Assisting the organization across the Open Space required among other things, creating a story of sufficient magnitude that all parties (managers and Appeals officers) might find the room and space for the collective spirit to grow. And that story related to taxpayer confidence. To the extent that this new story might be embedded in the collective consciousness of Appeals (and of equal importance, in the larger IRS world), not only would the managers have an understandable place in the sun, but so would the Appeals Officers. For taxpayer confidence clearly cannot be maintained when those who are directly responsible for the interface operate with any less than the highest professional standards. For Appeals Officers this would provide both reason and impetus to maintain and upgrade their own standards of excellence. For the managers, the New Story implies, indeed requires, a rather different way of managing. No longer is it simply a question of pushing the largest number of cases through in the shortest possible time, but now it becomes absolutely essential to play a supportive, nurturing role relative to the Appeals Officers which creates a positive working environment in which the work is not only done, but done with distinction. The managers must learn to manage by indirection, and not by telling in fine detail just what to do.

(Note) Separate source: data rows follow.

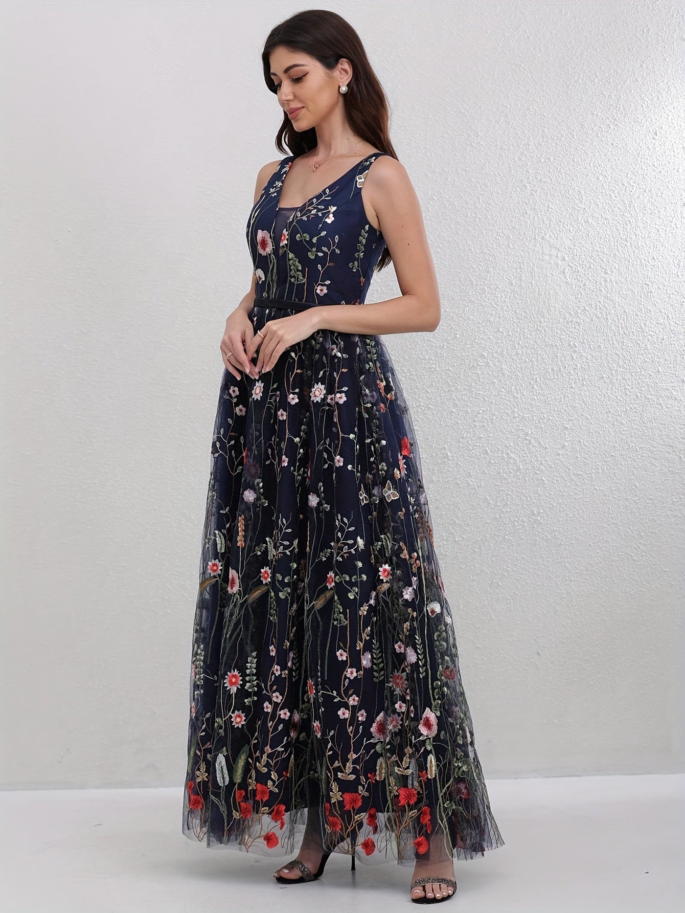 Introducing our Elegant Floral Tulle Prom Dress for Women, a stunning vintage swing gown designed to make you feel exquisite at any formal event. Crafted from 100% polyester mesh, this long-length dress features beautiful embroidered patterns that add a touch of romance and sophistication.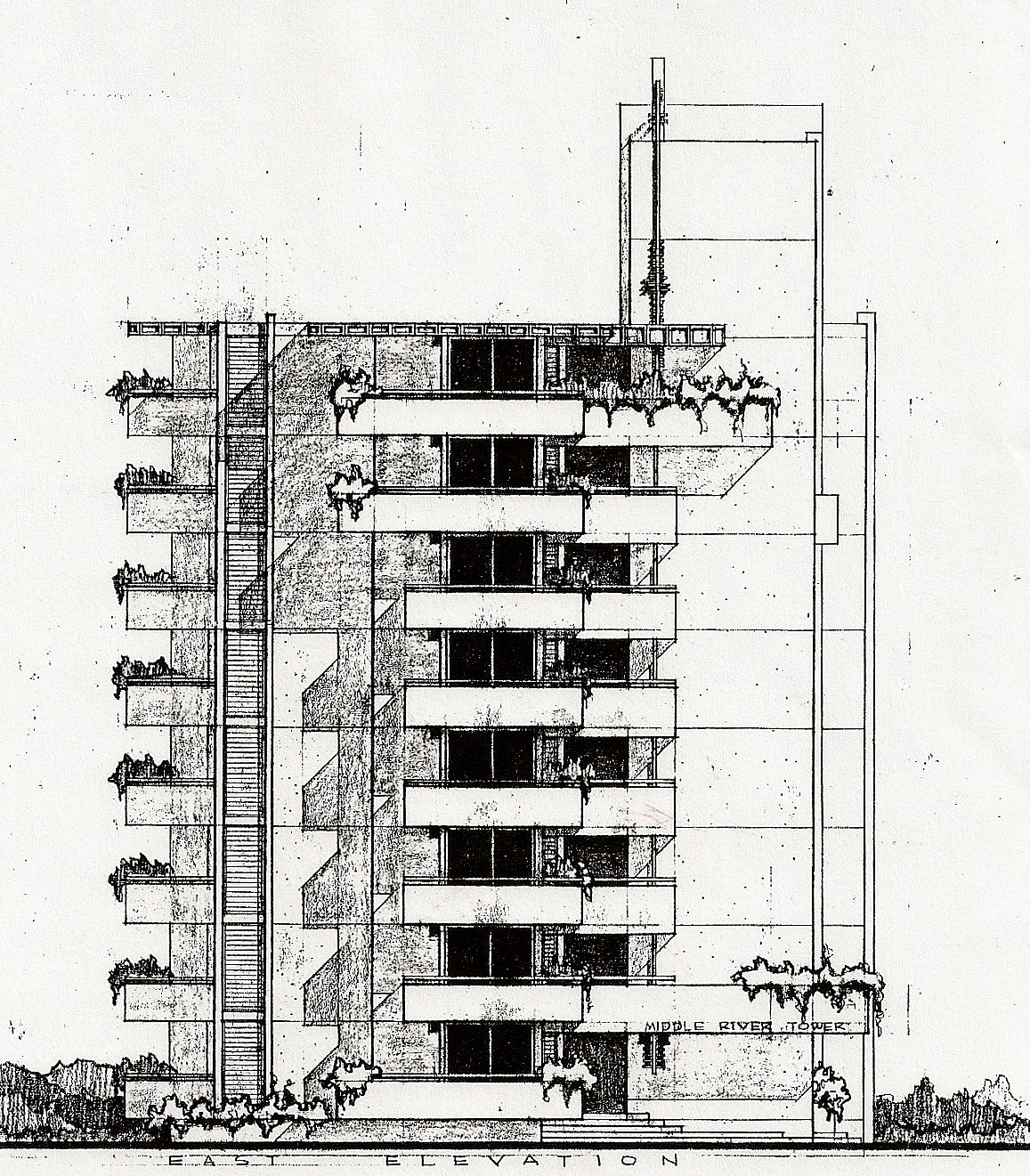 The client was a repeat client from the Pumpkin Shell Apartments (1964). The project was a 30 unit rental apartment, and 10 stories high. It was located on a wide section of Middle River and all of the surrounding buildings were low. It would have been very attractive to the rental market.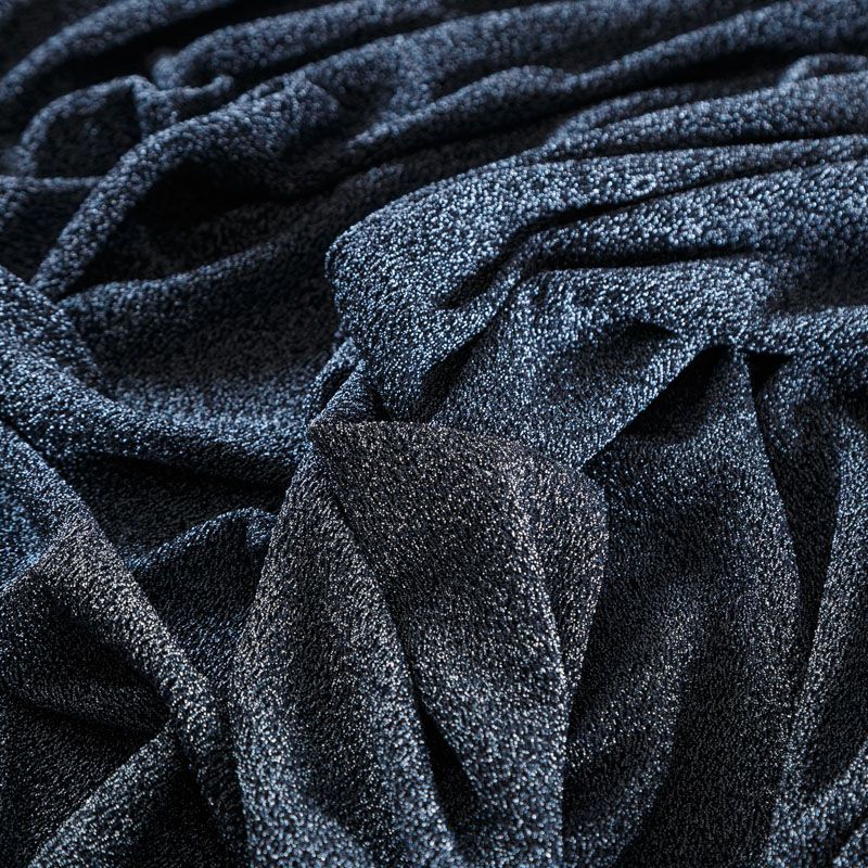 Трикотажное полотно с металлизированным блеском и мерцанием. Люрексные нити голубого оттенка вплетены в структуру полотна и создают объемный "вспененный" эффект, при этом изнанка гладкая и ровная. Ткань очень приятная к телу, не колется, не просвечивается, очень эластичная, отлично драпируется и ниспадает, красиво ляжет по фигуре. Идеальный вариант для пошива вечерних и нарядных платьев облегающего и свободного силуэта, топов, комбинезона, юбки, широких брюк, туник, кардиганов, накидок.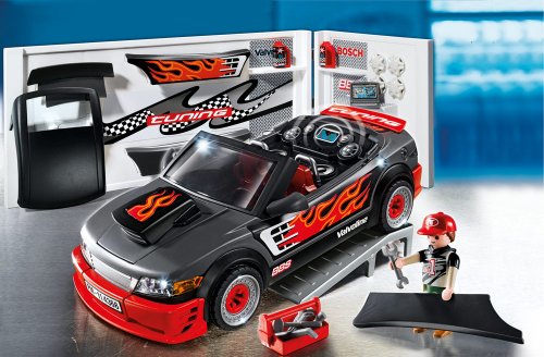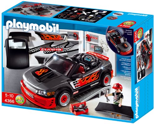 4366 Tuning-Sportwagen mit Sound Motorengeräusch, Hupe und 2 x Musik im Modul (benötigt 2 x 1,5-V-Micro-Batterien) auf der Rückbank. An der Werkstattwand sind jede Betrag Tuning-Fahrzeugteile befestigt. Unabhängig davon ist die Abdruck des Licht-Moduls allesamt Art.Nr. 4365 vielleicht.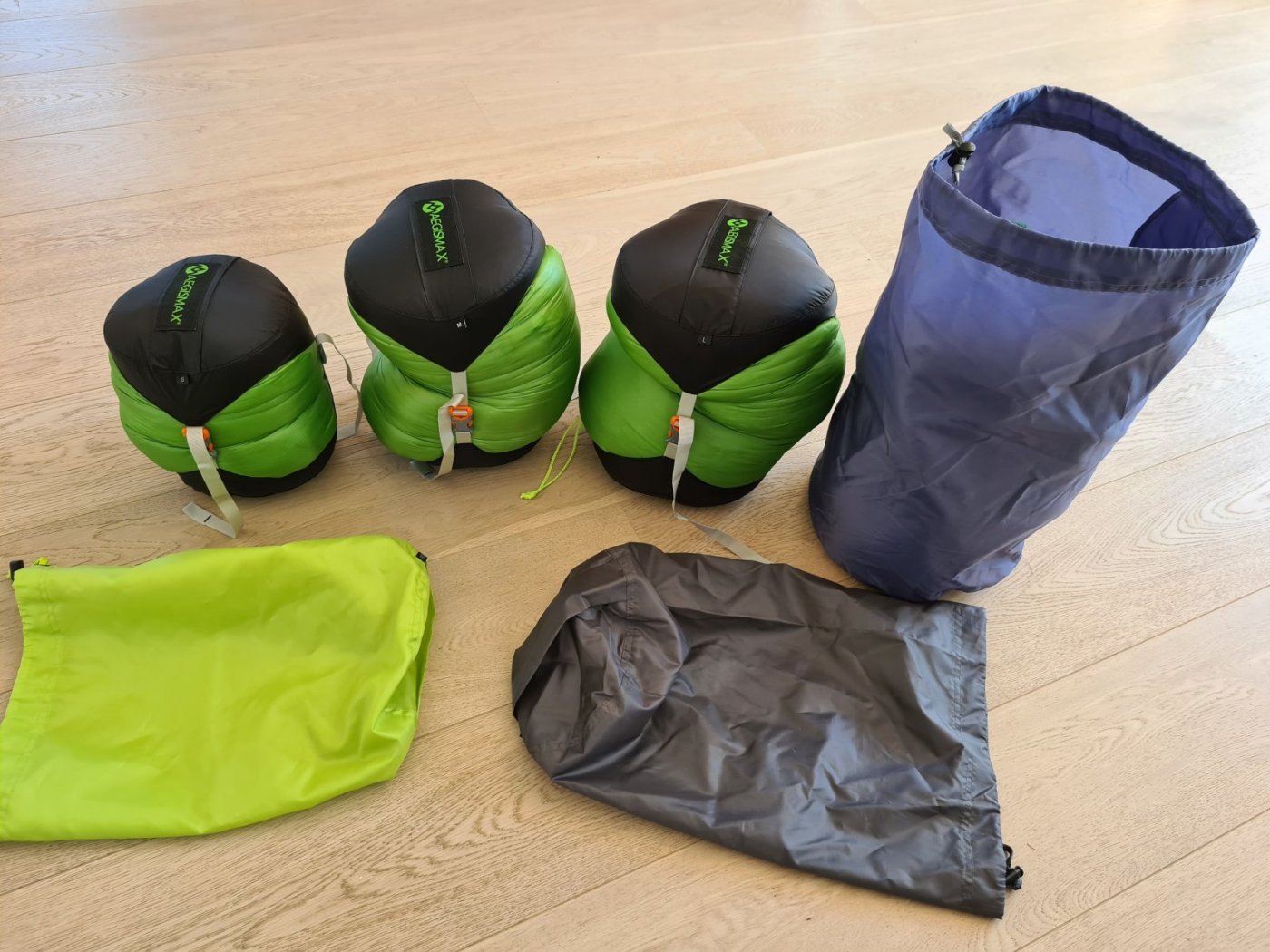 Kan bli vanskelig å finne noe i nærheten til den prisen, så jeg regner med å beholde den. Jeg har sovet i Never Winter i 4 grader (komfortemp) i bare boxeren og da var jeg varm og god. Mulig det blir annerledes i minusgrader, så det må testes. De to største svakhetene er kragen og kompresjonstrekket. Hvor stort problem kragen vet jeg ennå ikke. For kompresjonstrekket, har jeg bestilt nye trekk fra AliExpress. Blir spennende å se hvordan de er: https://www.aliexpress.com/item/4000428790987.html?spm=a2g0o.store_home.slider_828491201.0 Orginaltrekkene: Never Winter: 12 Liter (diameter = 20 cm, høyde 39 cm) Never Summer: 17 Liter (diameter = 22 cm, høyde 44 cm) Ouray: 21 Liter (diameter = 25 cm, høyde 47 cm)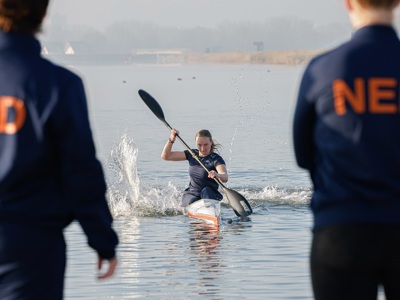 ‘Het is leerzaam dat kanoërs van verschillende disciplines meedoen aan deze opleiding. Sprint kanoërs zijn bijvoorbeeld niet bekend met het kanopolo jargon. Het maakt dan niet uit of je iemand van 10 of 30 jaar les aan het geven bent, als de uitleg niet goed is dan loopt de training niet lekker. Voor mij was het ook leuk om in een wiebelig bootje te stappen en van de sprint kajakkers te leren.’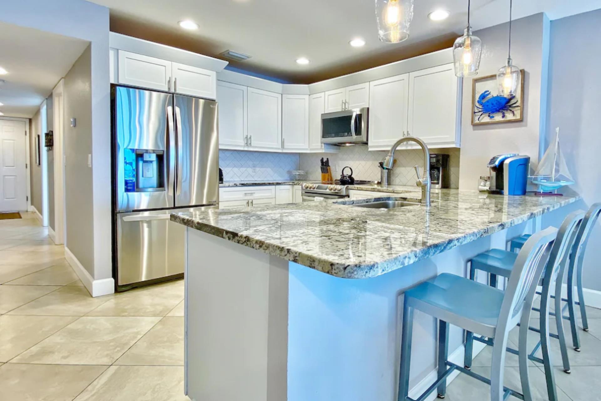 Our beautifully remodeled CORNER unit, SeaGate unit 301 is a fresh and relaxing condo to sit back, put your feet up and have a memory making vacation! Breathtaking unobstructed beach views from the living room, master bedroom as well as intracoastal views from the queen bedroom. We have 3 bedrooms, 2 bathrooms and a full kitchen. Corner units have 2 balconies! A large wrap around balcony off of the living room and master, the bonus second balcony in the 3rd bedroom overlooking the intercostal!
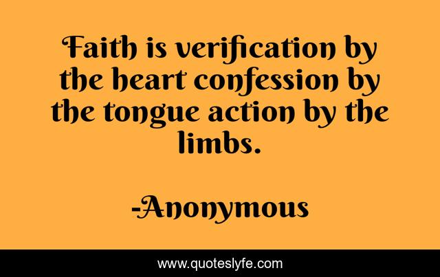 This page presents the quote "Faith is verification by the heart confession by the tongue action by the limbs.". Author of this quote is Anonymous. This quote is about faith, unity,.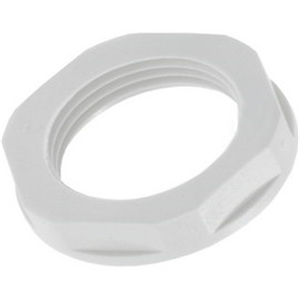 Contre-écrous renforcés par fibre de verre, pour une stabilité mécanique maximale, pour le verrouillage dans les orifices sans filetage; Système de raccord vissé: Passage simple; Type de filetage: PG; Dimension: 13,5; Matière: Polyamide; Propriétés: Renforcé par fibre de verre; Couleur: Gris clair (RAL 7035); Taille...

The actual tactics in this case may appear so simple as to be hardly of consequence. In essence, there were three points. First, Howard Martin continued to spread the idea (story) of the independence of Appeals, thus providing the necessary space for some freedom of movement and development. Second, in order to provide the rationale and justification for that independence, the whole concept of taxpayer confidence and Appeals' central role in relationship to that, was articulated at all possible points. And third, as a concrete means of telling (ritualizing) the New Story, the creation of a Taxpayer Confidence Index was introduced as a central objective for the coming fiscal year with the understanding that once created, it would then be used as a critical part of the evaluation of specific offices.

Given this "meta strategy" which revolves around the creation and embedding of a New Story, a new vision of what the business is, a number of other more concrete activities may be entered upon within the newly created context. These might include management training programs to impart the idea of "management by indirection," task forces to upgrade and strengthen the self perception of the secretaries and clerks, making them more effectively part of the team, the creation of the Institute of Certified Appeals Officers, and a number of others. It should be noted, however, that none of these more "practical" innovations could be really effective in and of themselves. They all become meaningful and powerful only within the larger context as concrete expressions of the New Story. Thus, these innovations make the Story real, but at the same time, they become possible only in the context of that story.

As I indicated at the beginning, the time elapsed from the point of intervention until now is not sufficient to permit long term assessment. However, Howard Martin's (the director) perception of what has happened and the likely results follows:

"Though many of your specific ideas have not been implemented, the principal one has been implemented. You assisted us to identify the actual role of Appeals in the Internal Revenue Service. We learned from this that we could establish our identity by telling our story as we believed it should be, i.e., an independent professional body to thoroughly and impartially consider tax disputes. After we started defining our role as an independent quasi-judicial body, the Tax Division of the AICPA (American Institute of Certified Public Accountants) and the Tax Section of the ABA (American Bar Association) also adopted this, as well as many officials within the IRS. All of this storytelling has defined our role now and in the future, and a much healthier organization has resulted. With your assistance, we were able to take the initiative and design our future rather than reacting to others. . .Finally, the approach was so very effective that the organization seems to be demanding change, at least not resisting it, and is open to improvements."